Key Idea: Topic 4.4 is about understanding the relationship between two variables. A scatter diagram shows whether they move together. Pearson's correlation coefficient r measures the strength and direction of a linear relationship. Linear regression gives you the equation of the line of best fit so you can make predictions.
✅ Pearson's r — interpreting strength
✅ Linear regression: y = ax + b
Example: GDC output: LinReg on data gives a = 3.14, b = 7.20, r = 0.92. Line of best fit: y = 3.14x + 7.20 Interpret: strong positive correlation.

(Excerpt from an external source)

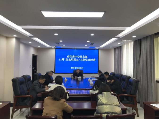 11月26日,市住房中心党支部在局四楼会议室召开十一月主题党日活动。支部书记饶必胜同志主持会议。

For each unit increase in x, y increases by 3.14. Predict y when x = 10: y = 3.14(10) + 7.20 = 38.6
Always state the value of r and describe its meaning in context. Just saying 'r = 0.92' is not enough — 'strong positive linear correlation between height and weight' earns the mark. The regression line always passes through the mean point (x̄, ȳ). If you need to check your equation, substitute x̄ and verify you get ȳ.
Paper 2 (GDC allowed): Enter data, run LinReg, record a, b, r. Then use the equation to predict as required. Show the substitution step. Paper 1: You may be given r and asked to describe the correlation, or given the equation and asked to interpret the gradient in context. Always link numbers to real-world meaning.
IB-style question [7 marks]
A café records the daily maximum temperature in °C (x) and the number of iced drinks sold (y) on 6 days. x: 16, 19, 22, 25, 28, 31 y: 40, 58, 70, 88, 104, 118 (a) Find the Pearson product-moment correlation coefficient r. (b) Write down the equation of the regression line of y on x. (c) Use your equation to estimate the number of iced drinks sold when the temperature is 24 °C.
Step by step:
(a) Enter the temperatures in L1 and the sales in L2, then run LinReg(ax+b). The GDC reports r.
(b) The same calculation gives the gradient a and intercept b — write the line (3 s.f.).
(c) Substitute x = 24, which is inside the data range 16–31, so the estimate is reliable.
Sales must be a whole number, so round to the nearest drink.
(a) r = 0.999 (very strong positive). (b) y = 5.20x − 42.5. (c) y = 5.20(24) − 42.5 ≈ 82 drinks (24 °C is within the data, so the estimate is reliable).